At first glance, A Beautiful Family could be just another piece of New Zealand gothic. A missing child, an unfaithful wife, a lost and bewildered husband, a rebellious teenager, a drowning, a threatening neighbour and untamed nature are among the usual ingredients of our national subgenre – but the book transcends it to become much more than that.
A great part of the novel’s success is the narrator. Ten-year-old Alix is instantly adorable, a bright, curious and brave kid who loves and is loved by her family. It is 1986 and she is away on holiday with Mum, Dad and teenage Vanessa. The exorbitant cost of renting a holiday home now prohibits most families from long summer holidays. But 40 years ago it was possible for a family of moderate means to occupy a bach for a month.
Readers old enough to remember this era will recall how the long weeks slowly spooled by in a haze of beach, barbecues, sand, salt, quarrels and laughter. Children had adventures, formed alliances and enmities; adults lay around in the afternoons and partied at nights. Alix’s family are away for five weeks, and on Mum’s insistence, at a place “where there are people”. Earlier holidays, also true to the pre-wholesale coastal development era, were in spots as isolated as the family could find, where they had whole beaches to themselves. This holiday is more social, with friends from Wellington also enjoying the summer there.
Trevelyan doesn’t name the location except to tell us it is not far north of the capital. Many will picture Waikanae on the Kāpiti Coast, for its long wild beach and poxy lagoon, described by Alix as “… black; clogged at the edges with a mix of rotten branches, flax roots, weeds and mud. A lurid green slime grew in places.” It is at the lagoon that Alix meets her holiday friend, Kahu, who is in possession of an enviable long forked stick (for lifting the slime) and “whose brown skin was pale in places where it had burnt and peeled”. Everyone is sunburned, no matter their natural skin colour. Kahu is appealing – serious, kind and thoughtful, a child as much loved by his family as Alix is by hers.

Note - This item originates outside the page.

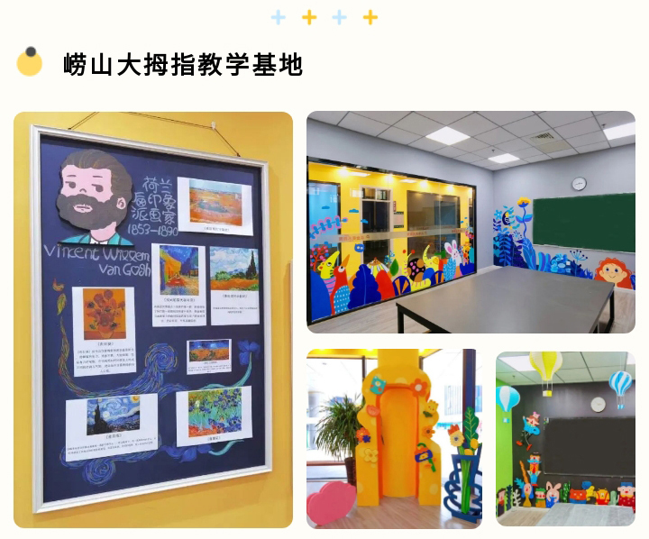 嶗山大拇指校區(qū)整體色調(diào)采用高飽和度的顏色,在幾個(gè)重要節(jié)點(diǎn)設(shè)置打卡拍照區(qū)、名人畫(huà)家區(qū)、藝術(shù)作品展示區(qū)、藝術(shù)角等,提高校區(qū)藝術(shù)氛圍,使來(lái)上課的老學(xué)員擁有一個(gè)更具藝術(shù)氛圍的學(xué)習(xí)環(huán)境。

Alix and Kahu set out on a daily quest to find a child who long ago went missing from the locale. This gives Alix respite from spending time with 15-year-old Vanessa, whose “favourite thing in the world [is] her own body” and who is always ready to put her little sister down and humiliate her. In Trevelyan’s hands this, surprisingly, doesn’t make her unlikeable. Vanessa is flush with hormones, experimenting with sex and shoplifting, led astray by a wiser, harder friend, and drinking until she throws up. We’ve all been there.
Mum and Dad, too, have their problems. Dad tries to keep track of his wife and daughters, not always with success. Mum is trying to write a book – the heavy typewriter came with them, banging and clanging on the car journey – and going for long, clandestine beach walks. After devastating news, she disappears into the bedroom and writes flat out, ignoring her troubled family. Proof, perhaps, of having a splinter of Graham Greene’s “ice in the heart”.
The 1980s’ setting brings us mention of “raging feminists in Wellington”, television detectives Starsky and Hutch, Alix’s beloved Walkman playing Split Enz and the Eurythmics, and beach fashions of the time. The holiday spot setting is also authentic, with its clustered baches and sometimes raging, dangerous sea.
It is tricky to pull off an adult novel with a child narrator. It requires a certain amount of largesse on the part of the reader, who understands the signs and picks up clues ahead of the narrator. In less skilled hands, there is a risk of cutesie-pie talk and action. Trevelyan never falls into that trap. Alix’s honesty and courage are innate, her misunderstandings sometimes comic and often affecting. She has a strong streak of decency, which carries her through the dangers she encounters.
In dodging a gothic-style payoff, A Beautiful Family is perhaps in the end about avoiding culpability. Simply structured and vividly executed, the novel deserves all the success coming its way.